А я? Не знаю, какой у меня былъ видъ; но, безъ сомнѣнія, на сердцѣ у меня была буря, а глаза застилалъ туманъ.
Пришли сказать миссисъ Ивесъ, что ея спутникъ желаетъ видѣть ее передъ обѣдомъ. Подождавши немного, она встала.
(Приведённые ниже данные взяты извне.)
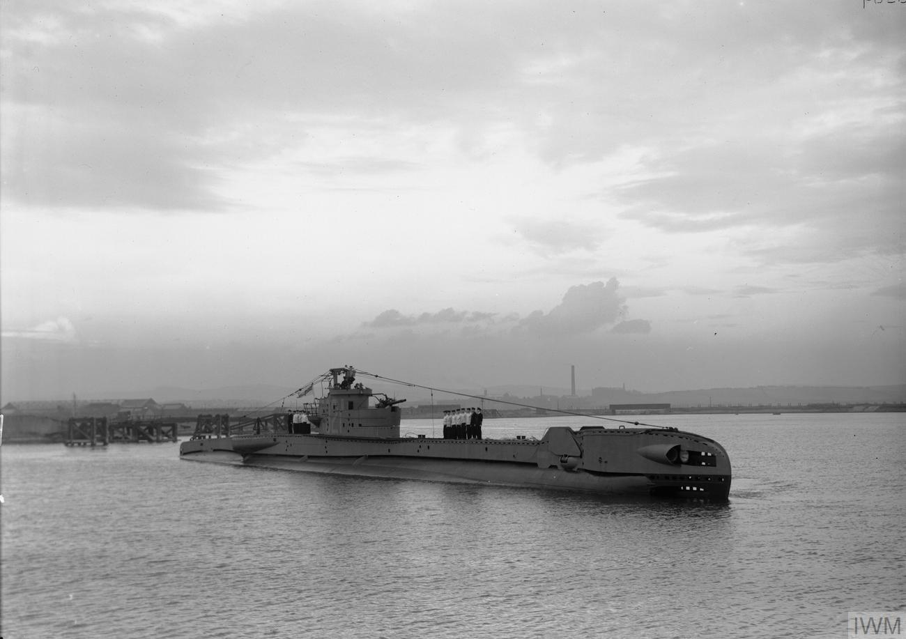 The British T class submarine HMS Telemachus (P321) underway on completion.

Я проводилъ ее въ молчаніи вплоть до входа въ гостинницу.
-- Я хотѣла бы сказать вамъ кое-что,-- прошептала она прежде чѣмъ покинуть меня,-- но боюсь, у меня не достанетъ храбрости.
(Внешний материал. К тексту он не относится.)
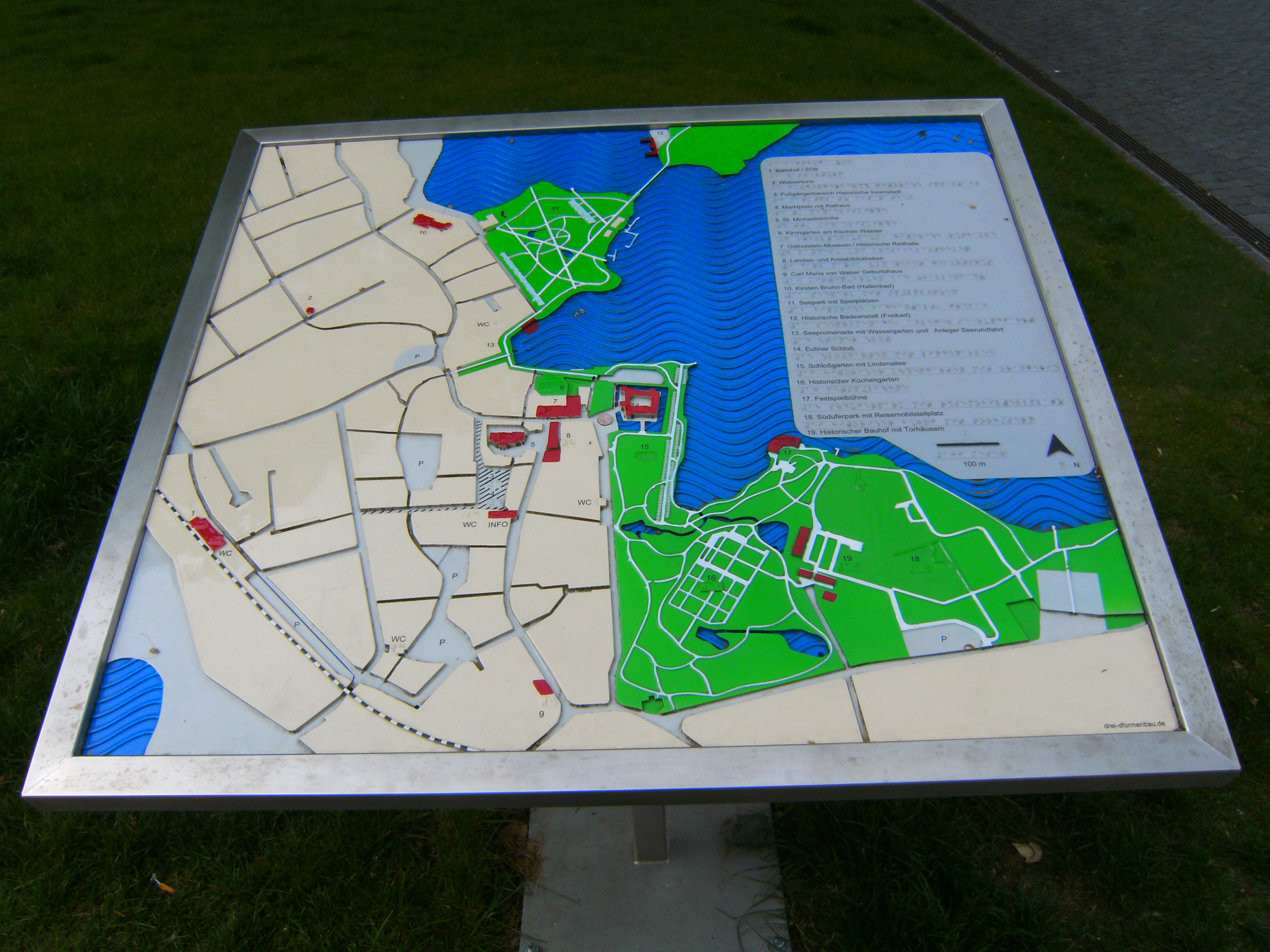 Eutin Castle in Eutin, Germany: Plaque near the castle of the castle park .

-- Почему?-- воскликнулъ я въ волненіи.
Она не сказала мнѣ -- почему, простилась со мной съ удивительной граціей, а взоръ ея на мгновеніе остановился на моемъ челѣ. Нѣсколько разъ въ теченіе этихъ трехъ дней она бросала этотъ взглядъ. Почему? Это мнѣ и нравилось и вмѣстѣ смущало, точно она предпочитала меня мнѣ же. Возможно-ли это? Не знаю, но я такъ чувствовалъ.
VII.
Едва прозвонили къ обѣду, я сейчасъ же отправился въ столовую, хотя ѣсть былъ не въ состоянія. Она пришла очень поздно, почти къ концу обѣда, обмѣнялась нѣсколькими словами съ дамой съ запахомъ розъ, и вдругъ, покраснѣвши, посмотрѣла на меня, какъ будто я могъ подслушать ихъ разговоръ. Но я воспользовался этимъ необычнымъ ихъ разговоромъ, чтобы свободно разглядывать ее, и былъ до такой степени погруженъ въ разсматриваніе ея лица, ея изящной руки, въ музыку ея голоса, что не обращалъ вниманія на смыслъ ея словъ. Она еще нѣсколько разъ посмотрѣла на меня, но не такъ какъ наканунѣ, затѣмъ исчезла сразу, едва кончился обѣдъ, и снова спустилась черезъ полчаса. Ея пріятельница предложила ей прогуляться. Вѣроятно, она видѣла насъ разговаривающими передъ обѣдомъ, потому что, проходя мимо меня, любезно сказала: "вы идете?" Миссисъ Ивесъ не сдѣлала ни знака, ни проронила слова; я же, конечно, сразу согласился, и мы втроемъ направились по живописной тропинкѣ, ведущей среди каштановъ, къ Ландо. Миссисъ Б. много говорила но только по англійски; мнѣ же разговаривать на этомъ языкѣ было довольно трудно. Она улыбалась и любезно поправляла меня. Миссисъ Ивесъ почти все время молчала, а я не смѣлъ заговорить съ ней; въ нашемъ молчаніи было тайное согласіе, казавшееся мнѣ слаще всякаго безразличнаго разговора. Она скоро устала; мы усѣлись на травѣ подъ деревьями.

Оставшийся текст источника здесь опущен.